● WHAT NEEDS TO BE DONE:
Nothing but the lines below from the one containing "Concreting M25A20 of" through the one containing "robinet à boisseau" should appear in the answer, exact and without pictures.

● EXERCISE INPUTS:
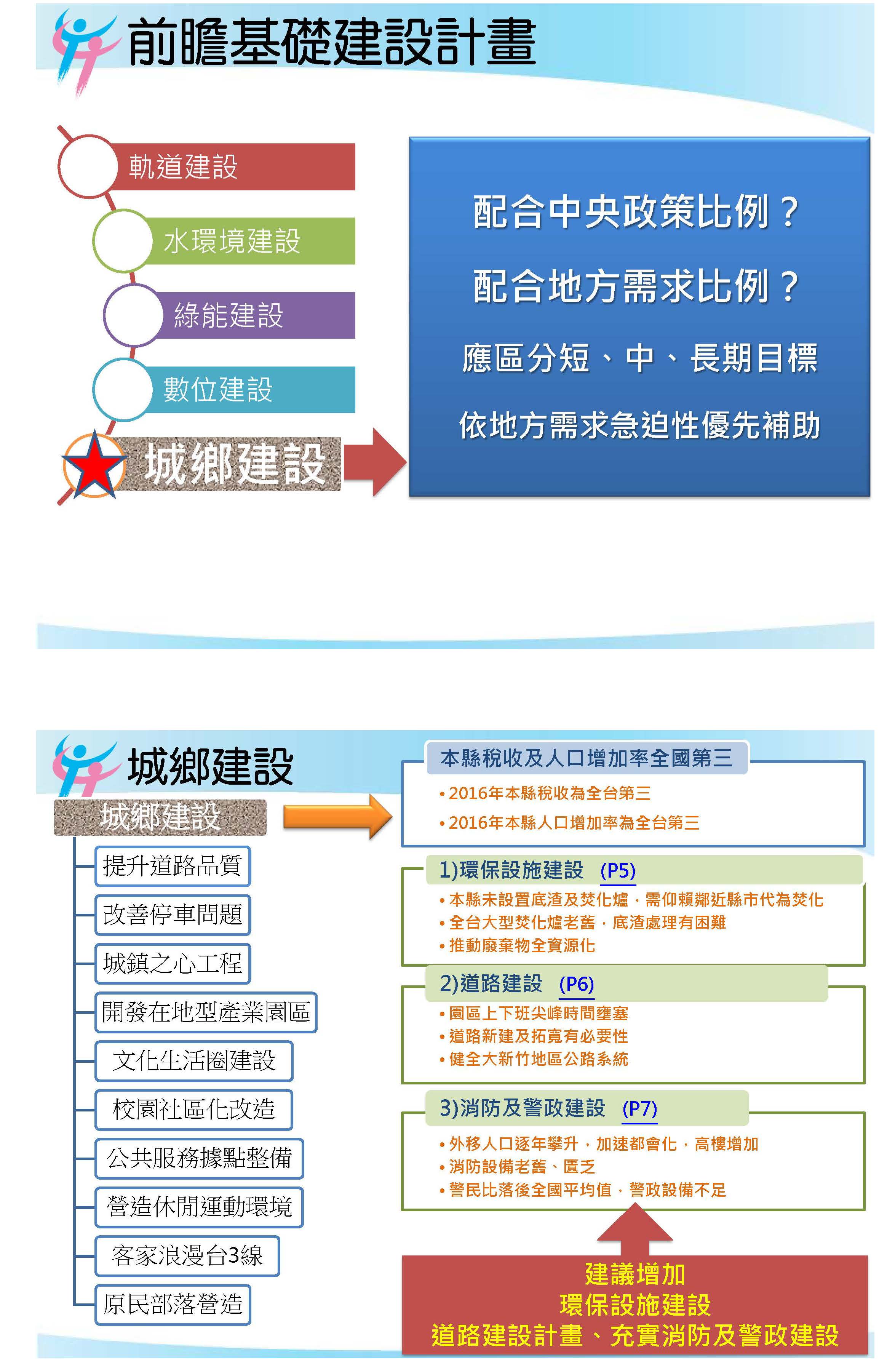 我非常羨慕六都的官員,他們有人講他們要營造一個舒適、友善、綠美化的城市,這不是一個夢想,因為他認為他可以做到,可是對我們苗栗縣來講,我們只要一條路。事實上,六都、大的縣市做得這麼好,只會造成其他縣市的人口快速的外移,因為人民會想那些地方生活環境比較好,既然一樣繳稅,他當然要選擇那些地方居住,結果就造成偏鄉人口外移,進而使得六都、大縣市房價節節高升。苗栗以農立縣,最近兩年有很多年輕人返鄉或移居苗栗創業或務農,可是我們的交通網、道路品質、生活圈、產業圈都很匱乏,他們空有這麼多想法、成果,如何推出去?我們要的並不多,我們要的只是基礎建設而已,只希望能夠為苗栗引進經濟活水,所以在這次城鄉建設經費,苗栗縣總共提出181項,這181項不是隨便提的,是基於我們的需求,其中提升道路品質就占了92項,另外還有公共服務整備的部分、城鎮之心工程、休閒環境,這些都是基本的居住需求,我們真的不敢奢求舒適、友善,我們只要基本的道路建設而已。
==
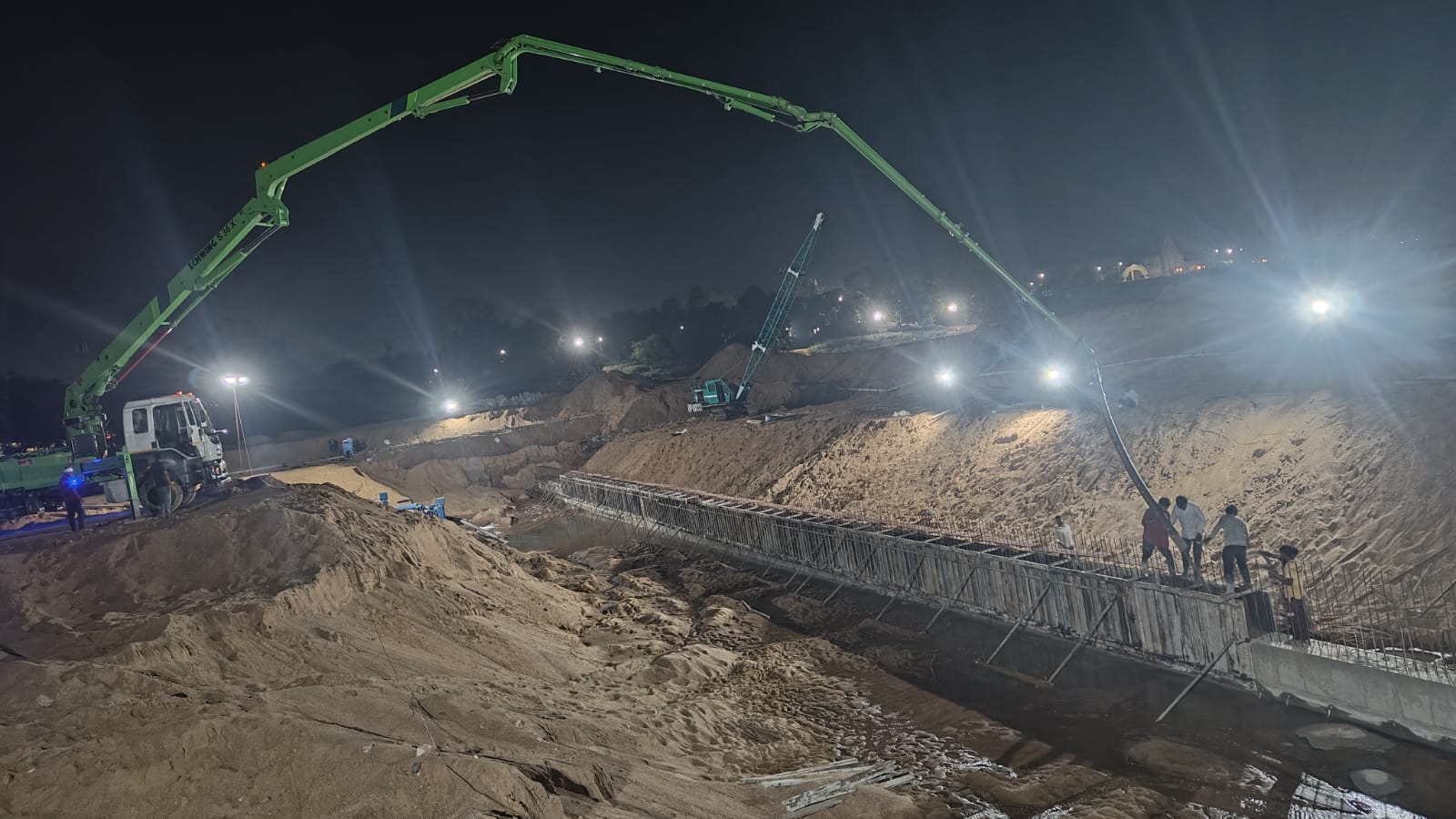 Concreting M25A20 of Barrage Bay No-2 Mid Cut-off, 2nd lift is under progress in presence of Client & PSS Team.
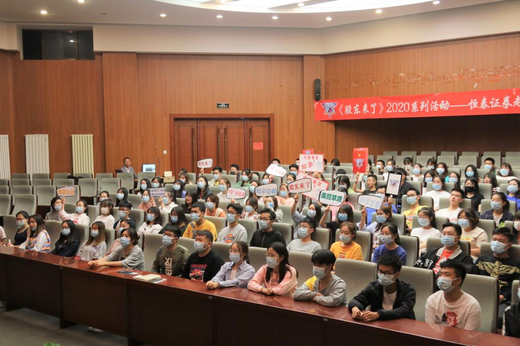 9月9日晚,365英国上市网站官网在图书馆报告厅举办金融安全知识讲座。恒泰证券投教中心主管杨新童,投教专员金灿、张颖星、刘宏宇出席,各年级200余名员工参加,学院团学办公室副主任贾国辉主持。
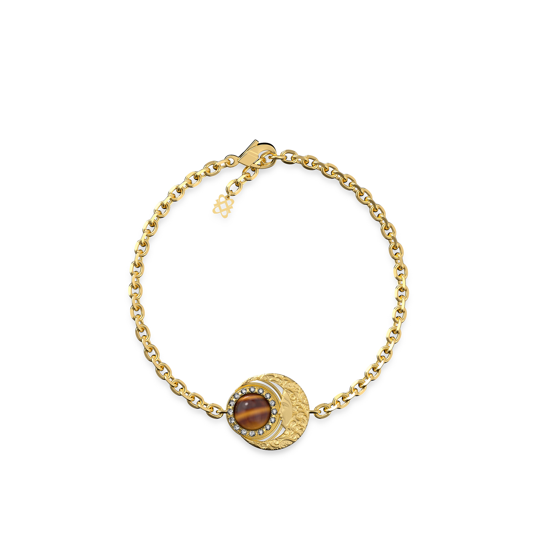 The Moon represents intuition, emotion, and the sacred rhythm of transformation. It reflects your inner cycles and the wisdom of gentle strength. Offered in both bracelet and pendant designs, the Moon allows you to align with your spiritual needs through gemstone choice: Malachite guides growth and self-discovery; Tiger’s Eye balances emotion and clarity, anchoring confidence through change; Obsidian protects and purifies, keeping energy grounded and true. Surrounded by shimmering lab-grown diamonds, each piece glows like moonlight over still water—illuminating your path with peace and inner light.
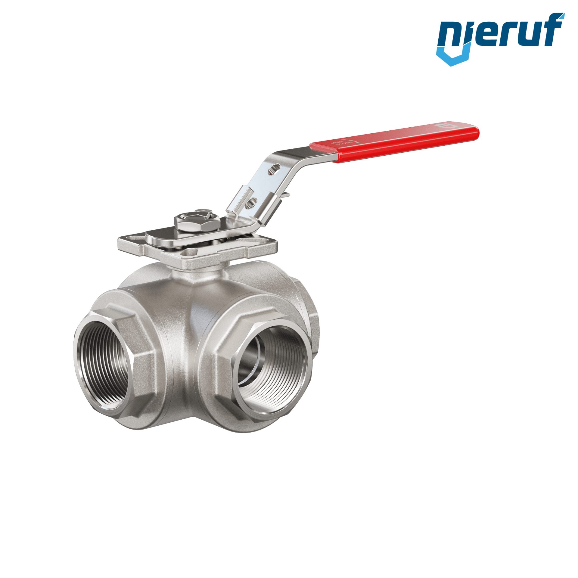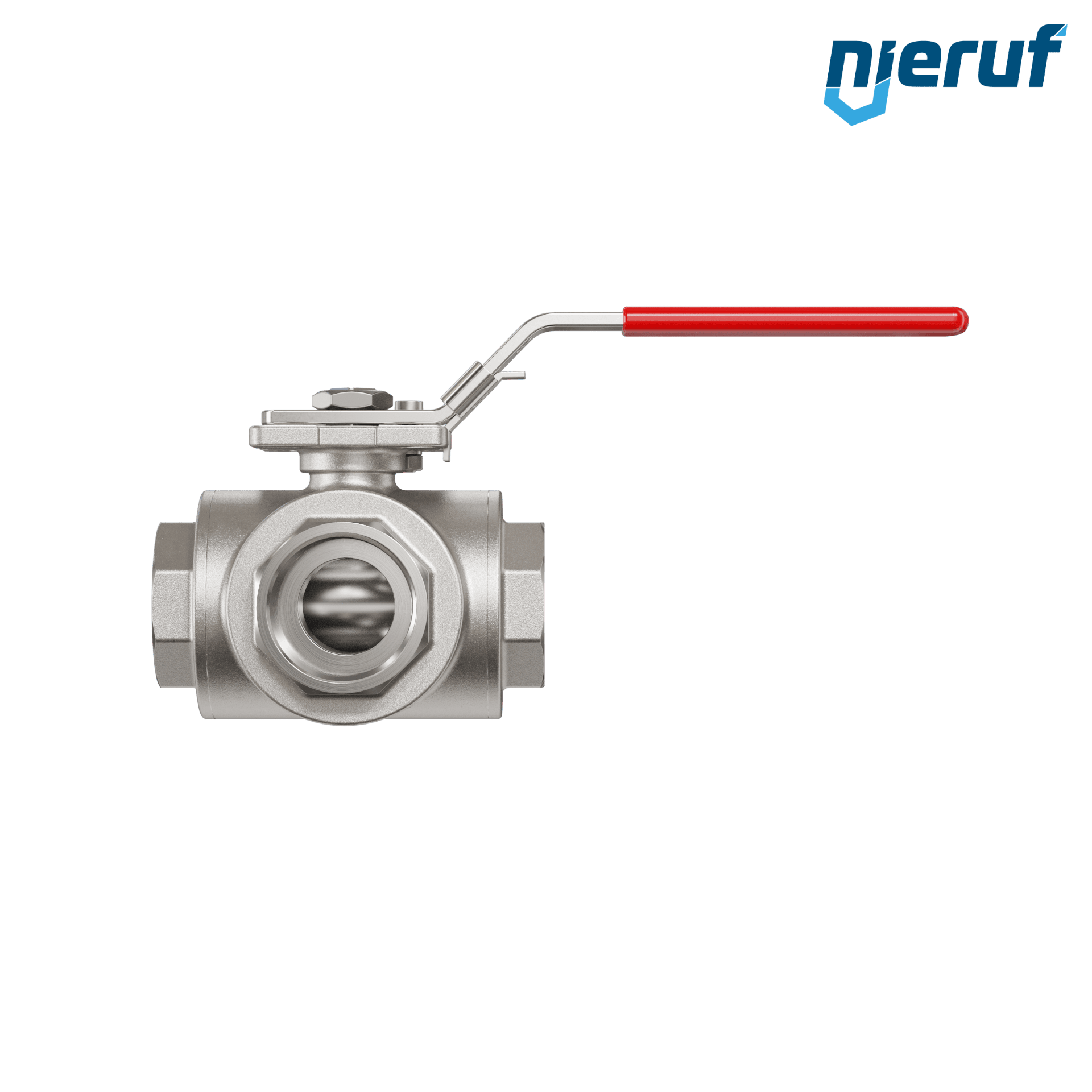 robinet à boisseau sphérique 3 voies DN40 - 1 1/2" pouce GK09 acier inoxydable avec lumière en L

● EXPECTED ANSWER:
 Concreting M25A20 of Barrage Bay No-2 Mid Cut-off, 2nd lift is under progress in presence of Client & PSS Team.
 9月9日晚,365英国上市网站官网在图书馆报告厅举办金融安全知识讲座。恒泰证券投教中心主管杨新童,投教专员金灿、张颖星、刘宏宇出席,各年级200余名员工参加,学院团学办公室副主任贾国辉主持。
 The Moon represents intuition, emotion, and the sacred rhythm of transformation. It reflects your inner cycles and the wisdom of gentle strength. Offered in both bracelet and pendant designs, the Moon allows you to align with your spiritual needs through gemstone choice: Malachite guides growth and self-discovery; Tiger’s Eye balances emotion and clarity, anchoring confidence through change; Obsidian protects and purifies, keeping energy grounded and true. Surrounded by shimmering lab-grown diamonds, each piece glows like moonlight over still water—illuminating your path with peace and inner light.
 robinet à boisseau sphérique 3 voies DN40 - 1 1/2" pouce GK09 acier inoxydable avec lumière en L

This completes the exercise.